Optimization: initialize and update weights

Overview

This document summaries the APIs used to initialize and update the model weights during training

mxnet.initializer Weight initializer.
mxnet.optimizer Weight updating functions
mxnet.lr_scheduler Scheduling learning rate.

and how to develop a new optimization algorithm in MXNet.

Assume there there is a pre-defined Symbol and a Module is created for it

>>> data = mx.symbol.Variable('data')
>>> label = mx.symbol.Variable('softmax_label')
>>> fc = mx.symbol.FullyConnected(data, name='fc', num_hidden=10)
>>> loss = mx.symbol.SoftmaxOutput(fc, label, name='softmax')
>>> mod = mx.mod.Module(loss)
>>> mod.bind(data_shapes=[('data', (128,20))], label_shapes=[('softmax_label', (128,))])

Next we can initialize the weights with values sampled uniformly from [-1,1]:

>>> mod.init_params(mx.initializer.Uniform(scale=1.0))

Then we will train a model with standard SGD which decreases the learning rate by multiplying 0.9 for each 100 batches.

>>> lr_sch = mx.lr_scheduler.FactorScheduler(step=100, factor=0.9)
>>> mod.init_optimizer(
...     optimizer='sgd', optimizer_params=(('learning_rate', 0.1), ('lr_scheduler', lr_sch)))

Finally run mod.fit(...) to start training.

The mxnet.initializer package

The base class Initializer defines the default behaviors to initialize various parameters, such as set bias to 1, except for the weight. Other classes then defines how to initialize the weight.

Initializer The base class of an initializer.
Uniform Initialize the weight with value uniformly sampled from [-scale, scale].
Normal Initialize the weight with value sampled according to normal(0, sigma).
Load Initialize by loading data from file or dict.
Mixed Initialize with multiple initializers.
Zero Initialize the weight to 0.
One Initialize the weight to 1.
Constant Initialize the weight to a scalar value.
Orthogonal Initialize weight as orthogonal matrix.
Xavier Initialize the weight with Xavier or other similar schemes.
MSRAPrelu Initialize the weight according to a MSRA paper.
Bilinear Initialize weight for upsampling layers.
FusedRNN Initialize parameters for fused rnn layers.

The mxnet.optimizer package

The base class Optimizer accepts commonly shared arguments such as learning_rate and defines the interface.
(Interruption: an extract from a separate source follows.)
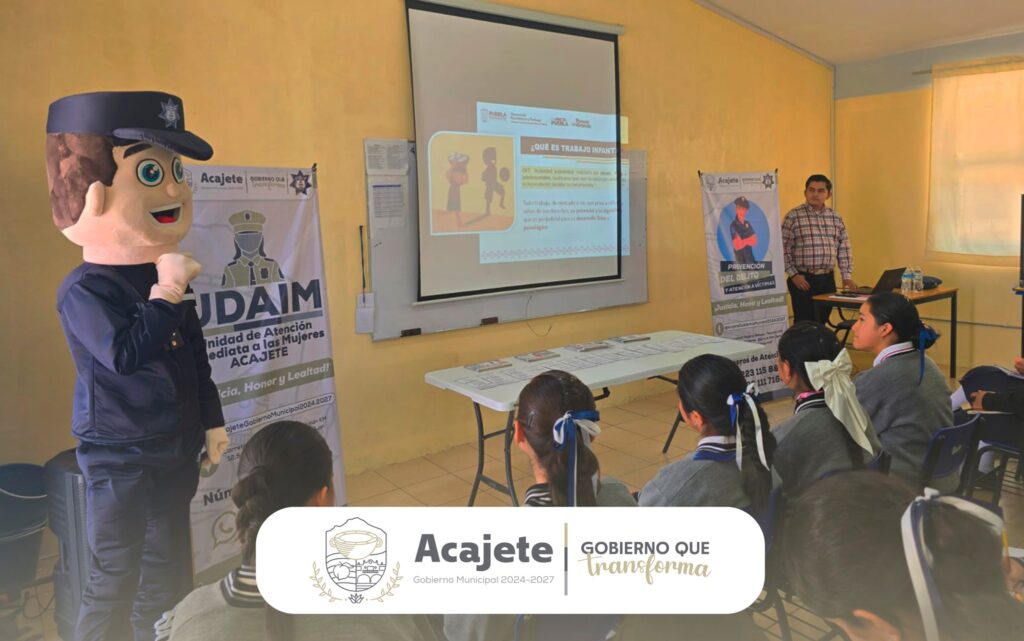 En respuesta a la indicación del Presidente Municipal de Acajete, Cristian Flores Flores, dieron inicio las jornadas de capacitación en escuelas del municipio con el objetivo de fomentar la participación activa de niñas, niños y jóvenes en la erradicación de la violencia de género y la prevención del delito.

Each other class in this package implements one weight updating function.

Optimizer The base class inherited by all optimizers.
SGD The SGD optimizer with momentum and weight decay.
NAG Nesterov accelerated SGD.
RMSProp The RMSProp optimizer.
Adam The Adam optimizer.
AdaGrad AdaGrad optimizer
AdaDelta The AdaDelta optimizer.
DCASGD The DCASGD optimizer
SGLD Stochastic Gradient Riemannian Langevin Dynamics.

The mxnet.lr_scheduler package

The base class LRScheduler defines the interface, while other classes implement various schemes to change the learning rate during training.

LRScheduler Base class of a learning rate scheduler.
FactorScheduler Reduce the learning rate by a factor for every n steps.
MultiFactorScheduler Reduce the learning rate by given a list of steps.

Implement a new algorithm

Most classes listed in this document are implemented in Python by using NDArray. So implementing new weight updating or initialization functions is straightforward.

For initializer, create a subclass of Initializer and define the _init_weight method. We can also change the default behaviors to initialize other parameters such as _init_bias. See initializer.py for examples.

For optimizer, create a subclass of Optimizer and implement two methods create_state and update. Also add @mx.optimizer.Optimizer.register before this class. See optimizer.py for examples.

For lr_scheduler, create a subclass of LRScheduler and then implement the __call__ method. See lr_scheduler.py for examples.

API Reference

Weight updating functions

class mxnet.optimizer.Optimizer(rescale_grad=1.0, param_idx2name=None, wd=0.0, clip_gradient=None, learning_rate=0.01, lr_scheduler=None, sym=None, begin_num_update=0)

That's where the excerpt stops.